BEIJING: China will offer firm support for “patriotic pro-reunification forces” in ​Taiwan and strike hard against “separatists,” the top Chinese official in charge of policy toward the democratically-governed island said in comments published on Tuesday.
China, which views Taiwan as its own territory despite the objections of the government in Taipei, has ramped up its military and political pressure against the island as Beijing seeks to assert its sovereignty claims.
Addressing this year’s annual “Taiwan Work Conference,” the ruling communist party’s fourth-ranked leader Wang Huning said officials must advance the “great cause of national reunification,” the official state-run Xinhua ‌news agency said.
It ‌is necessary to “firmly support the patriotic pro-unification forces ‌on ⁠the ​island, resolutely ‌strike against ‘Taiwan independence’ separatist forces, oppose interference by external forces, and safeguard peace and stability in the Taiwan Strait,” Xinhua paraphrased him as saying.
The Beijing meeting was also attended by Foreign Minister Wang Yi, underscoring how China sees Taiwan as an issue it needs to promote on the international stage.
China has long offered Taiwan a Hong Kong-style “one country, two systems” model of autonomy, though no major Taiwanese political party supports that.
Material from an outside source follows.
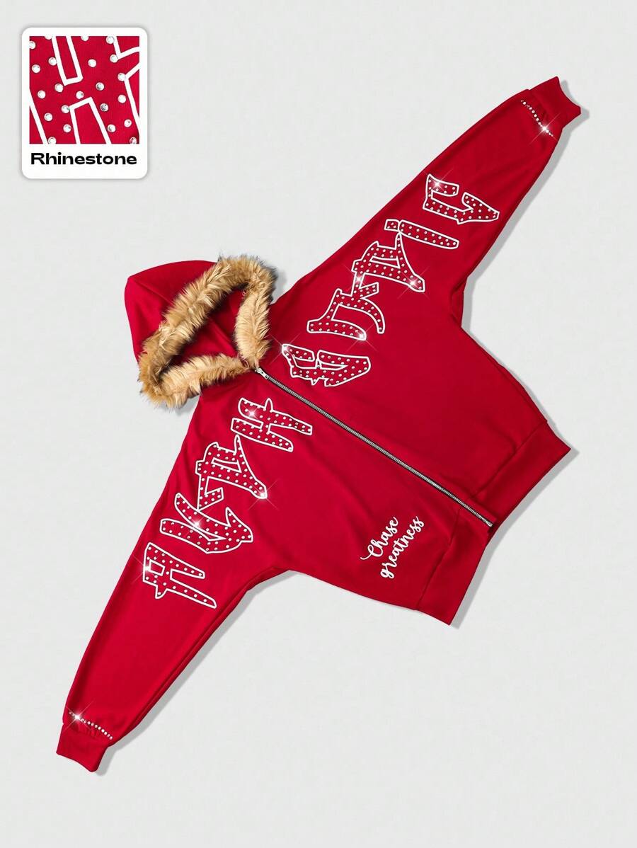 Street Life Sudadera con capucha con cremallera delantera, cuello de peluche y cristales brillantes para hombre, para otoño

Taiwan’s government ⁠says Beijing’s rule in the former British colony has only brought repression, with Taiwan President Lai Ching-te on Tuesday ‌citing the sentencing of
Hong Kong tycoon Jimmy Lai
to ‍20 years prison the previous ‍day.
“Jimmy Lai’s sentencing exposes the Hong Kong national security law for what it ‍is — a tool of political persecution under China’s ‘one country, two systems’ that tramples human rights & freedom of press,” Lai wrote on X.
There was no immediate response to Wang Huning’s comments from Taiwan’s government, which says only the island’s people can decide their future.
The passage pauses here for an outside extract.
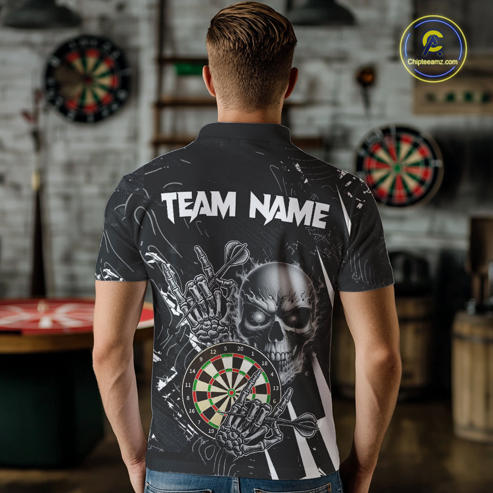 White Black 3D Skull Darts Polo & 1/4 Zip For Men Custom Darts League Team Jersey, Best Darts Gift TDM4828

Beijing has repeatedly warned ​other countries including the US against meddling in Taiwan issue, which it said is its internal affair.
In a call with US President Donald ⁠Trump last week, China’s President Xi Jinping said the Taiwan issue is the most important issue in China-US relations and Washington must handle the issue of arms sales to Taiwan with prudence.
China refuses to speak to Taiwan’s president and has rebuffed his repeated offers of talks, saying he is a “separatist” who must accept that Taiwan is part of China.
Wang was speaking just a week after meeting a delegation from Taiwan’s largest opposition party, the Kuomintang (KMT), who were in Beijing for a meeting of party think-tanks.
Speaking to reporters earlier on Tuesday in Taipei, KMT Vice Chairman Hsiao Hsu-tsen, who led the delegation to Beijing, said there had been no discussion of political issues when ‌they met Wang, as the trip there was to discuss topics like tourism and AI.